The selection prompt marks where educational intent enters model procedure. A fixed-ratio cloze test hides its assumptions inside arithmetic. Cloze Reader writes the selection assumptions out in natural language, letting the player infer from the prompt and letting the critic inspect the heuristics that shape each blank. Bommasani et al. (2021) describe foundation model abilities as outcomes of training, and Cloze Reader leaves training opacity intact while letting readers inspect the prompt-level decisions that happen before opacity takes over.

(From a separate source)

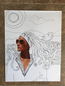 I started this Mona Lisa homage years ago, as a magazine face collaged on to a black marker drawing. At that time, I was sorely missing the coastal parts of North Carolina, which had been our home state for eight years.

I imposed another constraint from the start. When the model selects a blank, it must not know what it will later be asked to say about that blank. Shared context between selection and hint production would pull the game toward words that the hint system handles with ease, so I kept word selection, hint generation, and passage summary as separate requests. Each call receives only the passage text and the instructions for one task (Cloze Reader 2026b). The result is a chain of discrete procedures in which Gemma does not maintain a conversational memory across the puzzle and answers one bounded question at a time.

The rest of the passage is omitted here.